Parsifal

Overview
- Service type: Trans Europ Express (TEE) (1957–1979) D-Zug (1979–1983) InterCity (IC) (1983–1987) EuroCity (TEE) (1987–2002)
- Status: Discontinued
- Locale: France Belgium Germany
- First service: 3 October 1957
- Last service: 14 December 1997
- Former operator(s): Deutsche Bundesbahn SNCF

Route
- Termini: Paris Hamburg
- Distance travelled: 971 km
- Service frequency: Daily

Technical
- Track gauge: 1,435 mm (4 ft 8+1⁄2 in)
- Electrification: 25 kV AC (France) 3000 V DC (Belgium) 15 kV 16,7 Hz (Germany)

= Parsifal (train) =

The Parsifal was an express train that linked Paris with Dortmund in Germany and later Cologne. The train was named after Wagner's opera inspired by the legendary knight Percival.

==History==

===Trans Europ Express===

Changing routes through the Ruhr

The Parsifal was launched on 3 October 1957 as second TEE-service between Paris and the Ruhr. The Parsifal was scheduled as the "mirror" of the Paris-Ruhr. While the Paris-Ruhr started westbound in the morning and eastbound in the evening, the Parsifal started eastbound in the morning and returned to Paris in the evening. Initially French RGP-825 trainsets were used. On 29 May 1960 the Parsifal was extended to Hamburg. Due to the new length of the route two trains were needed to operate this service. In order to level out the kilometer fees the rolling stock was switched with the Paris-Ruhr, so the extra kilometers in Germany were ridden by German trains without the need to pay kilometer fees for foreign tracks. The DB Class VT 11.5 was used until 28 September 1968 when the rolling stock was replaced by electric-locomotive hauled trains. From 30 May 1965 until 22 May 1966, the Parsifal was coupled with the Diamant between Liège and Essen.

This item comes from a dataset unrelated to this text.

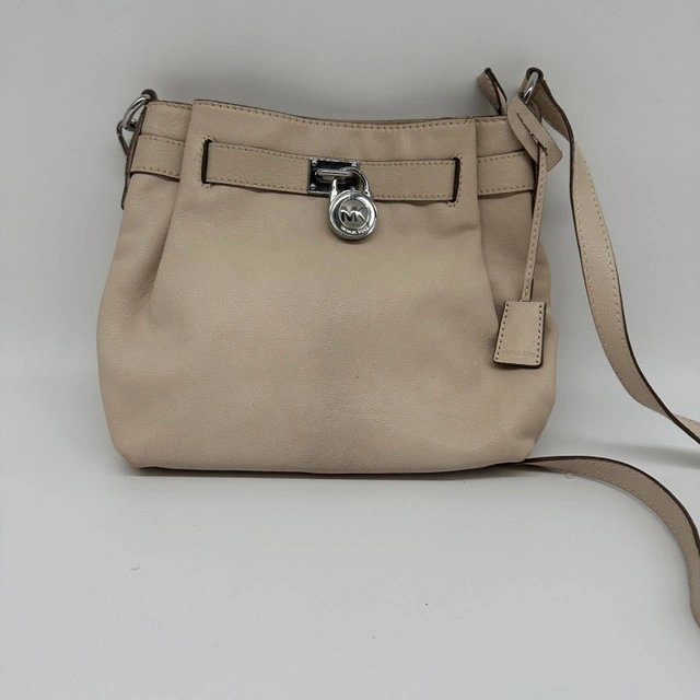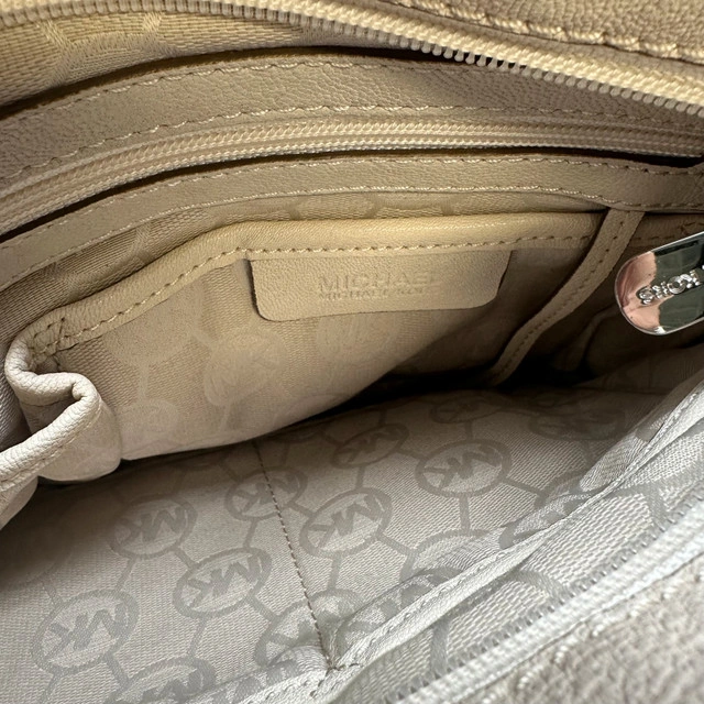This is a stylish, used Michael Kors vanilla leather shoulder satchel bag. It features a classic design with a secure top closure and an adjustable shoulder strap. The interior is spacious enough for your daily essentials. While it has been loved, it remains in good condition and ready for its next adventure. Here are some additional details: * Brand: Michael Kors * Material: Leather * Colour: Vanilla * Style: Satchel/Shoulder Bag If the ad is up, it's available, so you can be sure this stylish bag is just waiting for you!

===Schnellzug / InterCity===
In September 1978 it was decided to offer second-class on the Hamburg - Paris link, which meant that the TEE criteria were no longer met. On 25 May 1979 the second-class coaches were added to the train and the service was continued as D-Zug. On 29 May 1983 the train was upgraded to an InterCity service.

===EuroCity===
On 31 May 1987 with the start of the EuroCity network the EC Parsifal was one of the initial services, although its route was reduced to the Paris – Cologne section. In order to tackle one of the TEE problems, only one train a day, the EC Parsifal was one of three train-pairs; the others were EC Molière and EC Gustave Eiffel, providing a morning, afternoon and evening EuroCity service in both directions. However, the Gustave Eiffel soon lost its EC status, after only one year.

On 14 December 1997 the Parsifal was replaced by the Paris – Cologne Thalys service.